(430b) A Micro-Fluidic Adipose Reactor for 3-D Localization of Heterogeneous Cell Components

Authors: 
Wood, A. M. - Presenter, Tufts University
Lai, N. - Presenter, Tufts University
Shi, H. - Presenter, Tufts University
Schmidtke, D. - Presenter, University of Oklahoma


The differentiation of preadipocytes into adipocytes, or adipogenesis, is a key component of the hyperplastic growth of adipose tissue. Excessive expansion of adipose tissue mass, or adiposity, is the principal driver for obesity and its related diseases, including type 2 diabetes. In vitro studies of adipogenesis have traditionally relied on chemical induction of primary or transformed preadipocytes in 2-D culture settings. A general limitation of these conventional cultures is that they fail to capture tissue-inherent features, such as 3-D cell-cell and cell-extracellular matrix (ECM) interactions, which molecular evidences point to as critical to the regulation of adipogenesis in vivo. In particular, questions remain over the roles of the numerous soluble factors secreted by mature adipocytes in the recruitment and differentiation of locally present preadipocytes. A number of these factors, including adiponectin and resistin, have been recognized as important metabolic hormones and potential therapeutic targets for obesity. Very recently, a small number of in vitro adipose tissue model systems have been described that utilize synthetic polymers as cell culture scaffolds. However, adipogenic induction has remained spatially uncontrolled, leading to mixed co-cultures, and hampering detailed investigations on preadipocyte-adipocyte communication.

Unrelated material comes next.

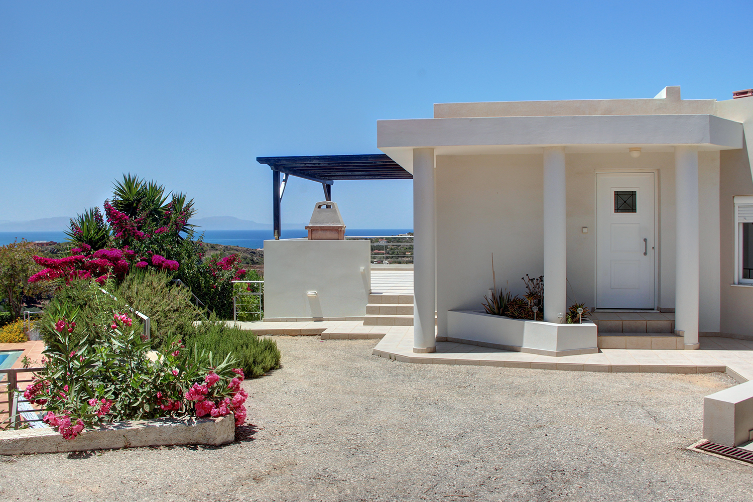 Das luxuriöse Anwesen erstreckt sich über drei Ebenen, die nach Nordwesten zum Meer ausgerichtet sind. Es ist eines von drei Häusern in einer kleinen Wohnanlage. Jedes Haus verfügt über ein eigenes Grundstück und ist unabhängig. Sie teilen sich lediglich eine kleine, private Zufahrt mit Tor. Das Haus ist das letzte der Anlage, hinter der das Dorf mit einem steilen Hang endet. Dadurch bleibt der beeindruckende und unverbaubare Blick auch in Zukunft erhalten.

Here, we describe the design and implementation of a novel, micro-fluidic reactor that supports a spatially defined, 3-D co-culture of preadipocytes and adipocytes. In prior work, we had shown that parallel streams of low Re number flows could be used to establish a stable chemical solution gradient across a culture volume. In this work, we incorporated the chemical solution gradient feature into a ladder chamber to afford micron-scale localization of chemical triggers for adipogenic differentiation. The chambers were fabricated using standard soft lithography and rapid prototyping methods. Localization of preadipocytes to the bridge channels of the ladder chamber were achieved by selective delivery and subsequent cross-linking of cell suspensions in a natural ECM (collagen) pre-polymer solution.

Bright-field microscopy confirmed the presence of stable gradients across the bridge channels following the infusion of a dye solution in one of the two main flow channels. The transient and steady-state shapes of the gradients were functions of both the infusion rates and the relative dimensions of the main and bridge channels, which were varied from 1 ? 2:0.27 ? 30:5 for H:L:W, respectively. Compared to the conventional 2-D planar cultures, collagen entrapped 3-D cultures of adipocytes exhibited increased glucose consumption, lipid loading, and attained cell volumes comparable to mature adipocytes found in vivo. Furthermore, the 3-D ECM shielded the entrapped cells from direct exposure to fluid shear, extending the stability of the culture by a factor of two (2) compared to conventional cultures (from 2 to 4 weeks). Finally, differentiation of preadipocytes was selectively localized to the region proximal to the main flow channel carrying a standard differentiation cocktail. Prospectively, the spatial control achieved in our adipose reactor design should enable controlled studies on the roles of both direct (physical) and indirect (soluble factor mediated) cell-cell interactions in adipose tissue growth.